Hi, I recently had my PC become infected with some trojans. And I wonder how this could have happend in the first place. Now, I have Agnitum Outpost, NOD32, SnoopFree and Spybot Resident running all the time. I know Spybot Resident is meant for IE mostly, but I use it eventhough I use FireFox. The Trojans were all ActiveX. And I have setup Outpost so I have to manually permit ActiveX etc. My question: How come that when I permit a site's ActiveX crap, none of the above programs I have running, checks it? I mean, Spybot S&D will find it after a manual scan, so why can't NOD32 or something find it on-the-fly? Cheers!

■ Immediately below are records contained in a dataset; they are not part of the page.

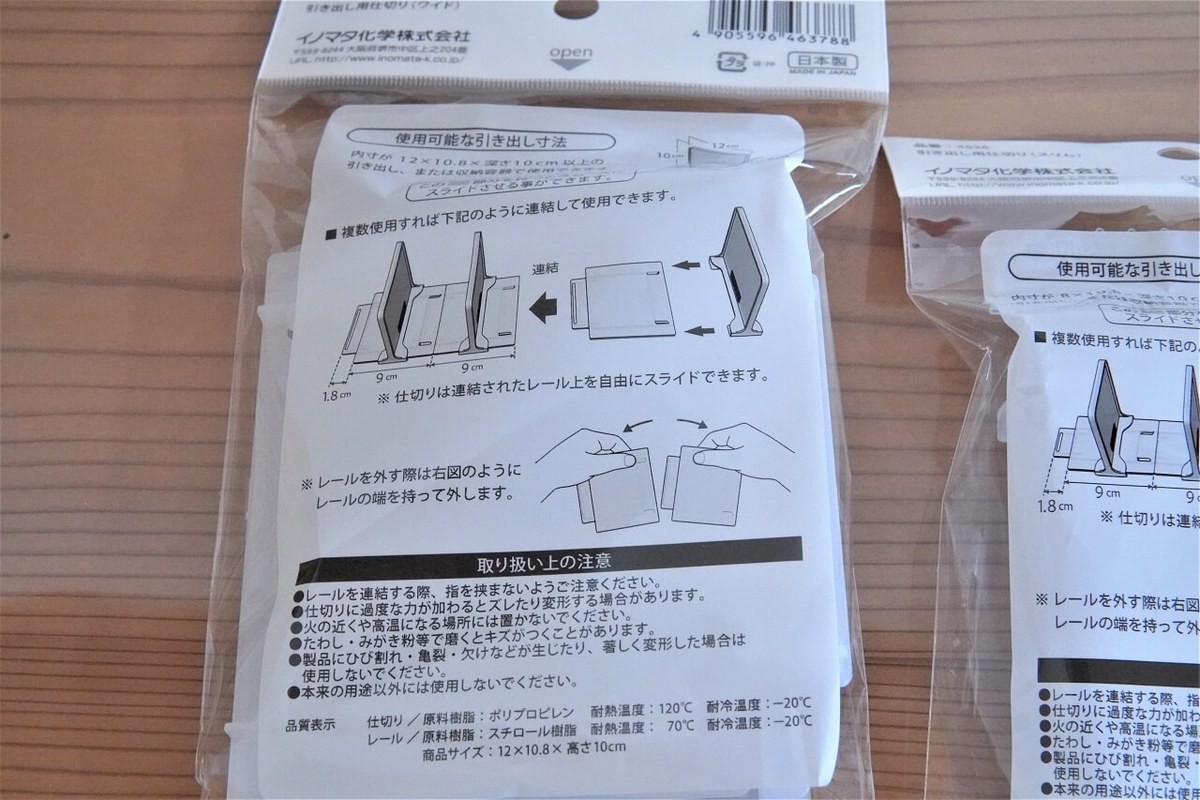 分類ごとに仕切ってみたら思った以上に使いやすく、より分かりやすくなったため、出し入れが格段にしやすくなり、使いやすくなりました。
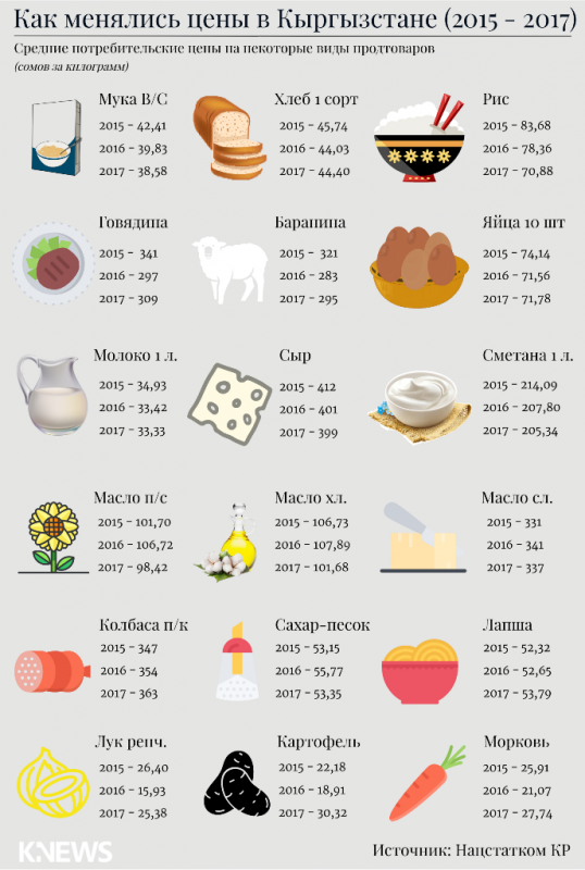 Специалисты статкомитета Кыргызстана отмечают, что наибольшее влияние на динамику инфляционных процессов в республике оказывает изменение цен на пищевые продукты и безалкогольные напитки.
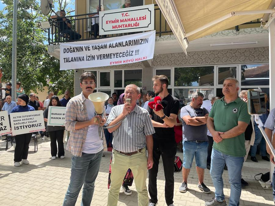 Bursa’nın İnegöl’e bağlı Eymir Köyü’ne kuş uçuşu yaklaşık 2 kilometre uzaklıkta Maden Tetkik ve Arama tarafından altın ve bakır madeni arama çalışmaları başlatıldı. Köylerine ait sulama göletinin hemen üst bölgesinde 15 ayrı lokasyonda 18 sondaj kuyusunun açıldığını ve 4 bin 500 metrekarelik alanda arama çalışmalarının yürütüldüğünü öğrenen Eymir Köyü halkı çalışmaların durdurulması için harekete geçti.
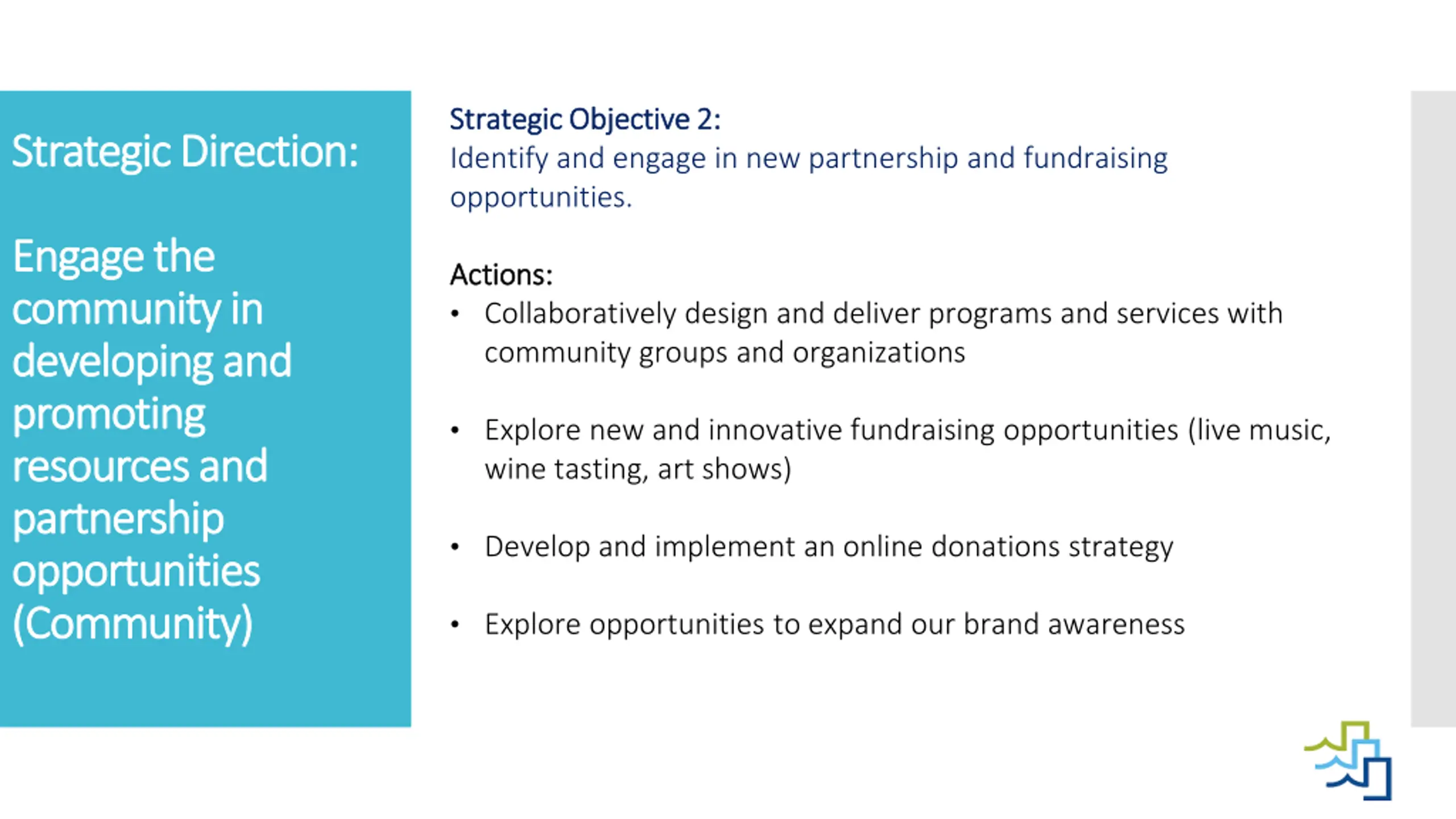 Strategic Objective 2: Strategic Objective 2: Identify and engage in new partnership and fundraising opportunities. Strategic Direction: Strategic Direction: Engage Engage the community in community in developing and developing and promoting promoting resources and resources and partnership partnership opportunities opportunities (Community) (Community) the Actions: Actions: Collaboratively design and deliver programs and services with community groups and organizations Explore new and innovative fundraising opportunities (live music, wine tasting, art shows) Develop and implement an online donations strategy Explore opportunities to expand our brand awareness

Do you have the names of the trojans? Do you remember the exact circumstances that caused any of these infections? It's not clear to me how ActiveX scripts would run in FireFox. Do you remember any of the web sites? regards, -rich
I can't remember which sites, but Outpost comes up with a dialog box that asks about whether I want to allow activex scripting from this site. But my question was more: what kind of "live protection" can I use against ActiveX that goes a little deeper than just asking if I want to allow it or not? Here's a screenshot: http://maniacmansion.dk/ax.jpg
If you are using Firefox you don't have to worry about ActiveX, because ActiveX controls, legitimate or malicious, don't work on Firefox. IE will prompt the user when a site wants to install an activex control, but many malicious controls are installed through exploits.
1. Not everything ActiveX is bad 2. I dont know about ActiveX scripting, but Firefox doesnt not support/load activex controls such as those used for many online scanners. What I would do is use the NoScript extension for Firefox.